═════ STORED DATA
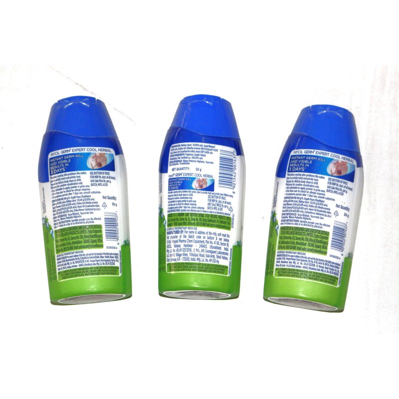 - - Stay fresh and comfortable all day with Nycil Cool Herbal Talcum Powder - Pack of 3 bottles, each containing 50g of refreshing talcum powder - Infused with herbal extracts for a burst of coolness and revitalization - Effectively absorbs excess moisture to keep you dry and sweat-free - Gentle formula suitable for all skin types, perfect for the whole family - Ideal for hot and humid weather conditions - Compact size makes it easy to carry in your bag or pocket for on-the-go freshness
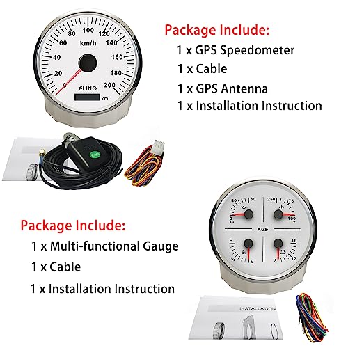 - Gauge Set-GPS speedometer indicating range: 0-200km/h, Fuel Level Gauge indicating Range: E-1/2-F, Water Temperature Gauge indicating Range: 100-250℉, Oil Pressure Gauge indicating Range: 0-80PSI, Voltmeter indicating Range: 8-16V.
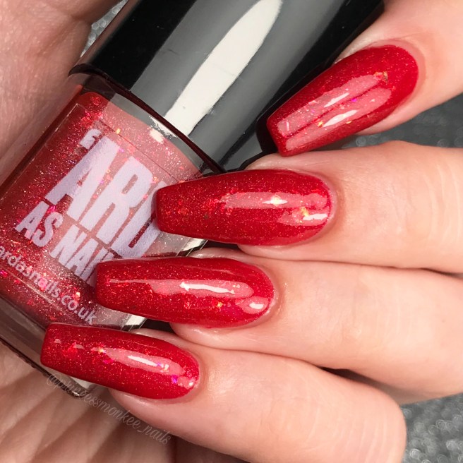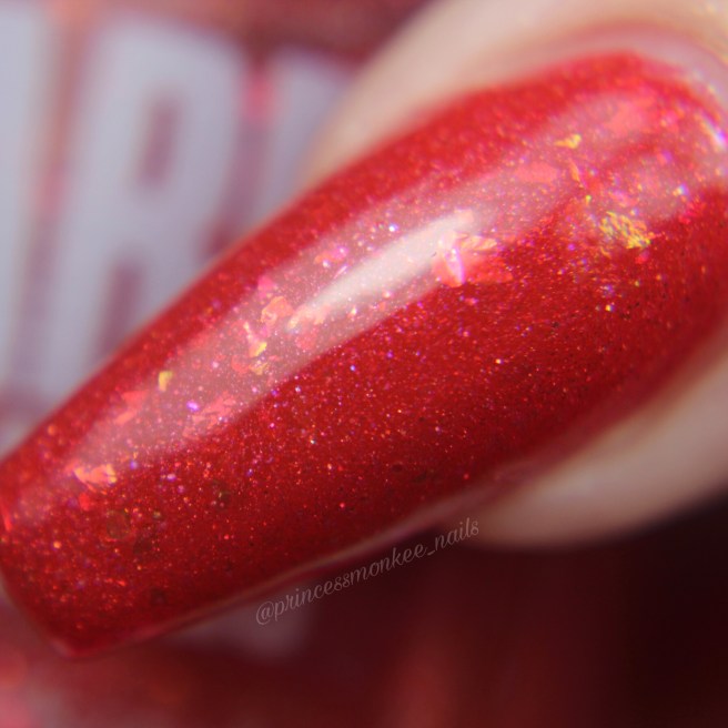 First up, of course, is a polish inspired by Shaun of the Dead and is called ‘You’ve Got Red on You’. This is one of my all-time favourite zombie movies! The red comes from the blood and gore of the film; in the polish it’s represented by a red jelly base which is then full of colour change flakes and a sprinkling of holo.
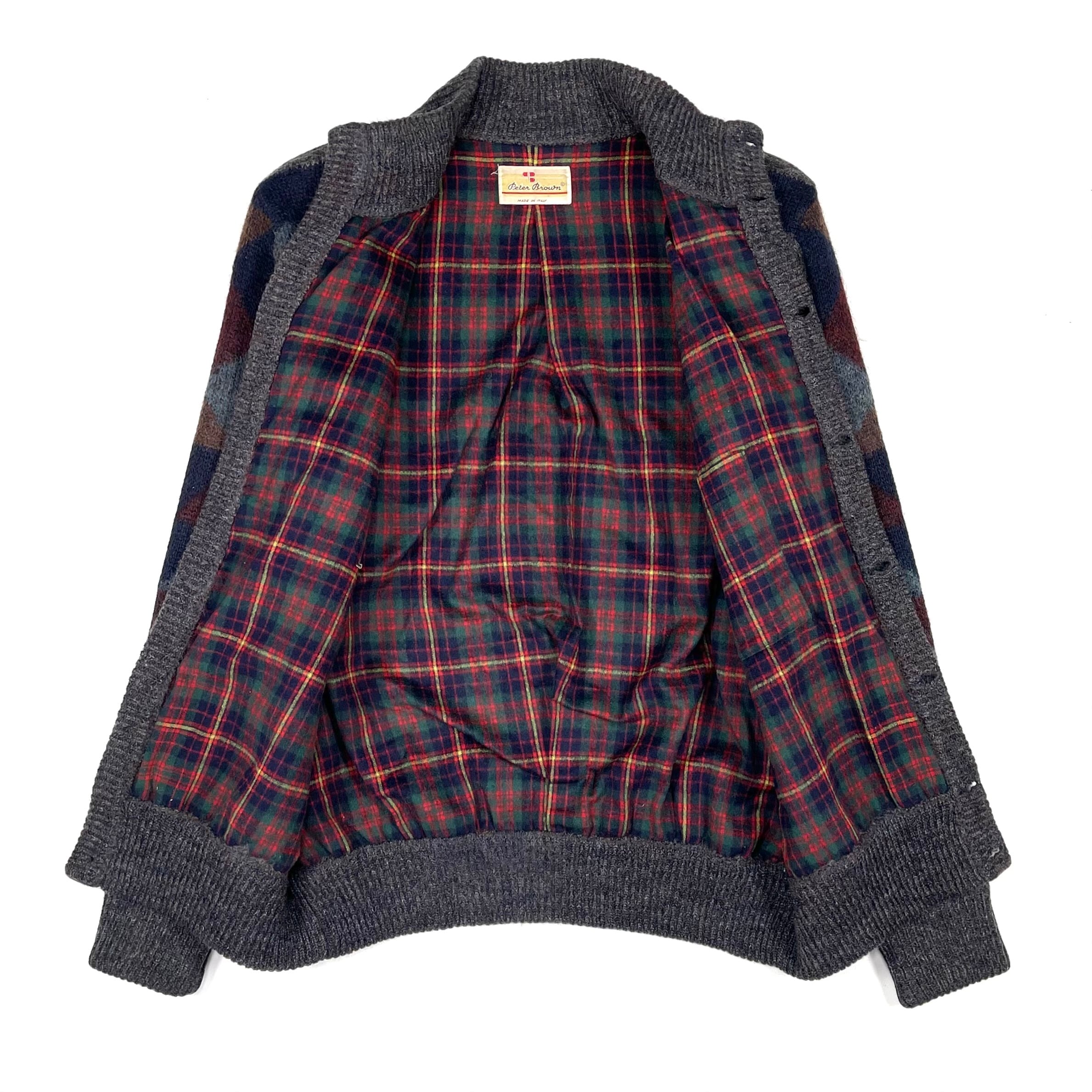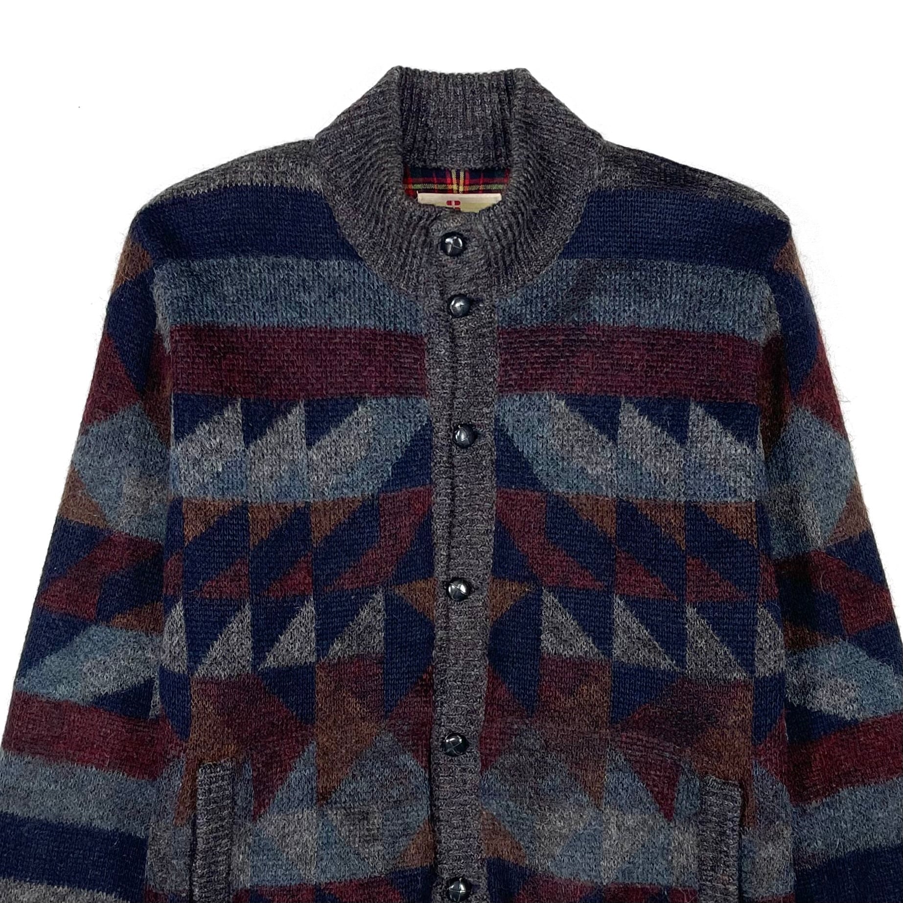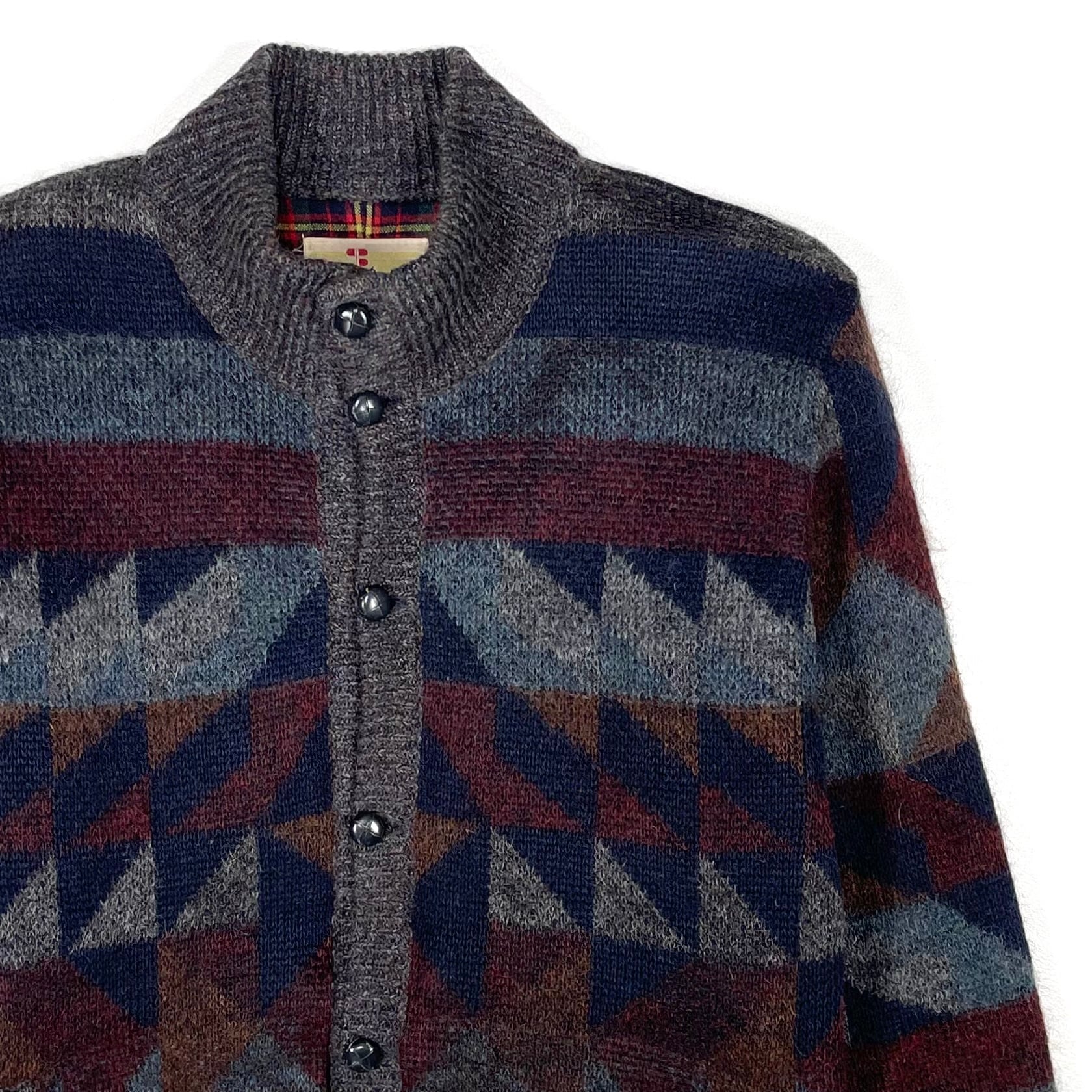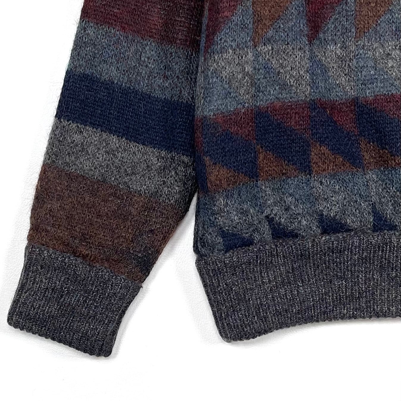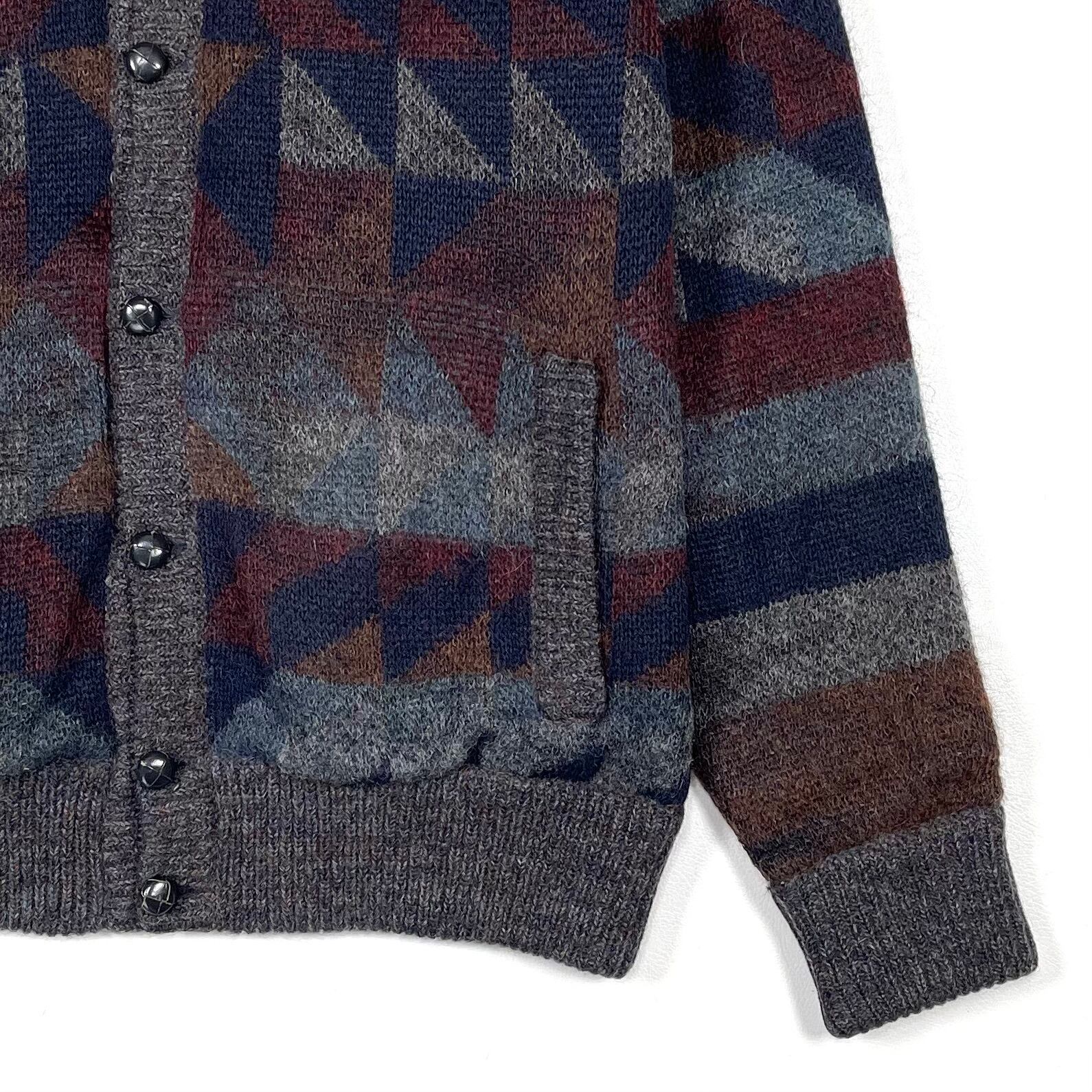 配色が良いイタリア製のオルテガ柄ハイネックカーディガン
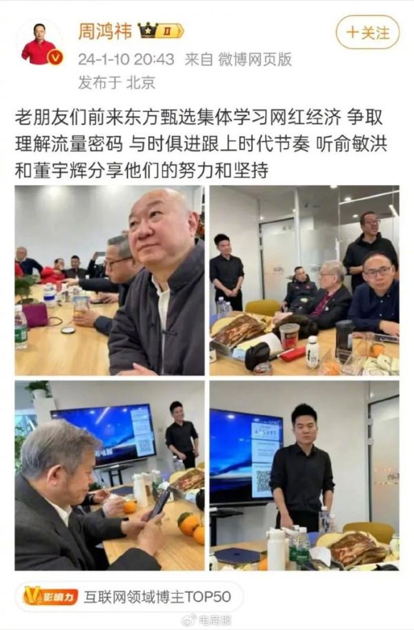 1月10日,周鸿祎还带着一众企业家到东方甄选集体学习“网红经济”。用他的话来说,是“争取理解流量密码,与时俱进跟上时代节奏,听俞敏洪和董宇辉分享他们的努力和坚持”。
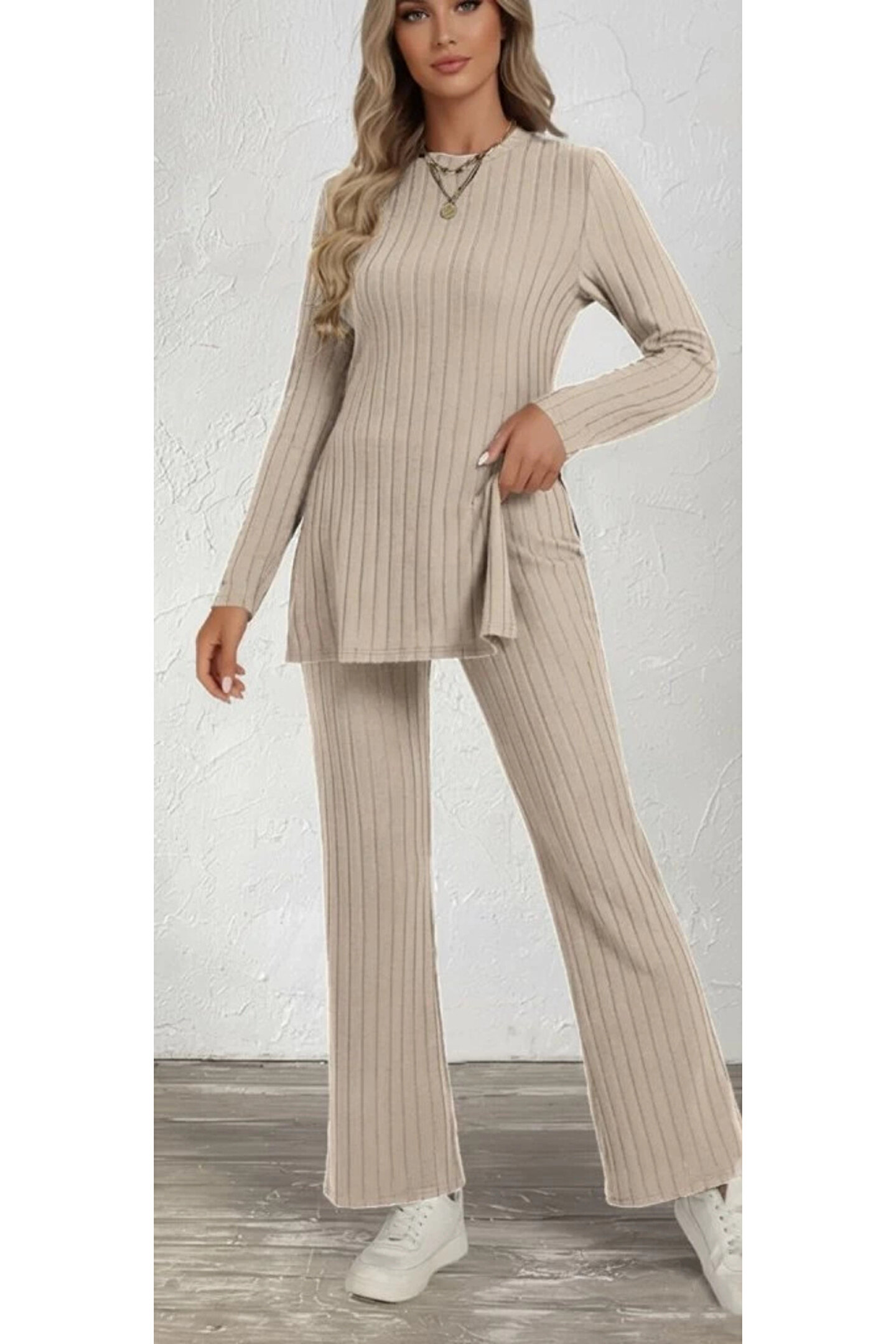 Kadın Uzun Kollu Bisiklet Yaka Yandan Yırtmaçlı şardonlu Kaşkorse Bluz Ve Pantolon Ikili Takım
══════════
> _WHAT IS NEEDED_:
Repeat exactly and only the lines from the one holding "配色が良いイタリア製のオルテガ柄ハイネックカーディガン" through the final line of the entries; no pictures.

> _YOUR SOLUTION_:
 配色が良いイタリア製のオルテガ柄ハイネックカーディガン
 1月10日,周鸿祎还带着一众企业家到东方甄选集体学习“网红经济”。用他的话来说,是“争取理解流量密码,与时俱进跟上时代节奏,听俞敏洪和董宇辉分享他们的努力和坚持”。
 Kadın Uzun Kollu Bisiklet Yaka Yandan Yırtmaçlı şardonlu Kaşkorse Bluz Ve Pantolon Ikili Takım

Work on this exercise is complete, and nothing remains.